Harry Lee Tally (June 30, 1866 – August 16, 1939) was an American tenor singer of popular songs, who recorded between 1902 and 1917.
He was born in Memphis, Tennessee, and began performing in a popular vaudeville act, the Empire City Quartet. Described as "a sweet-voiced tenor", he first recorded as a solo singer in late 1902, and thereafter recorded prolifically for several labels, particularly Columbia, Victor, and Edison. He recorded a wide variety of material, from sentimental to comic.
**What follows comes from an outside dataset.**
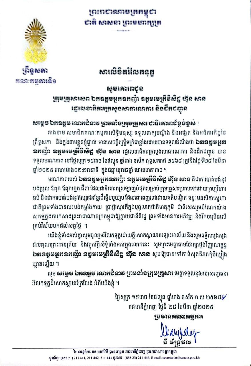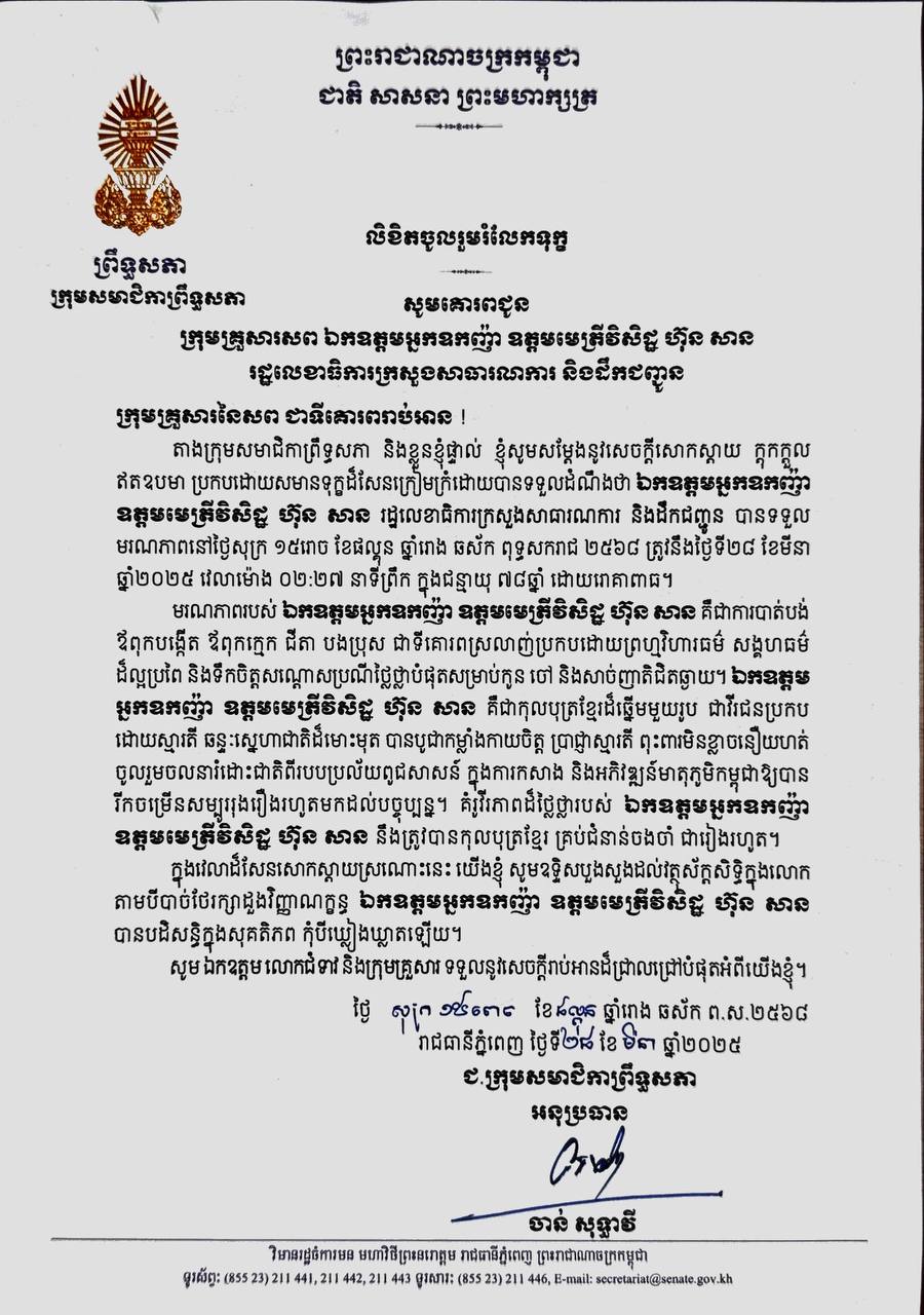សម្តេចអគ្គមហាសេនាបតីតេជោ ហ៊ុន សែន ប្រធានព្រឹទ្ធសភា នៃព្រះរាជាណាចក្រកម្ពុជា បានអនុញ្ញាតឱ្យលោកសាស្ត្រាចារ្យ TETSUYA WATANABE ប្រធានវិទ្យាស្ថានស្រាវជ្រាវសេដ្ឋកិច្ចអាស៊ាន និងអាស៊ីបូព៌ា (ERIA) ចូលជួបសម្តែងការគួរសម។
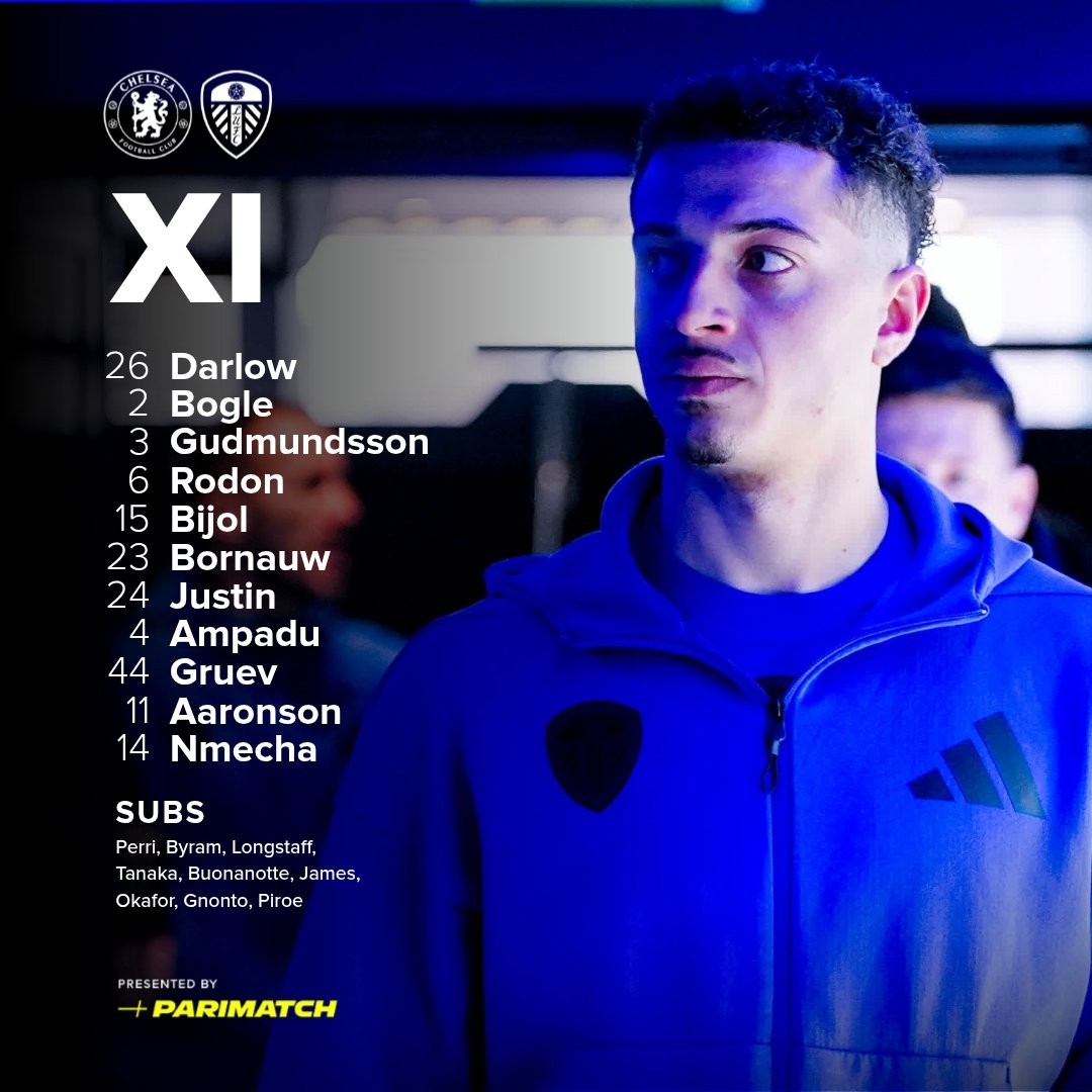 利兹联首发:26-达洛、24-贾斯廷、15-比约尔、6-罗顿、3-古德蒙松、23-博尔顿、44-格鲁耶夫、4-阿姆帕杜、2-博格尔、14-恩梅加、11-阿伦森

Among his most commercially successful songs were "Seminole" (first recorded in 1903), "Wait 'Till the Sun Shines, Nellie" (1906) – which he may have been the first to record – and "Take Me Back To New York Town" (1907). Several of his songs were inspired by new technological innovations, including "On An Automobile Afternoon" (1906), "Let's Go Into A Picture Show" (1909) — one of the first songs to mention this new form of entertainment — and "Come, Josephine, In My Flying Machine" (1911). Tally also recorded duets, in the Edison Diamond Discs series, with another member of the Empire City Quartet, Harry Mayo, which have been described as "finely tuned performances combining expert harmonization with hilariously unrelated nonchalant banter." He also wrote songs with Harry Mayo, including "That's a Mother's Liberty Loan".
He continued to perform his songs in vaudeville, and made his last recordings in 1917. In 1918, he retired from the music business, and set up a cigar store in Ocean Park, California. He died in 1939 at the age of 73.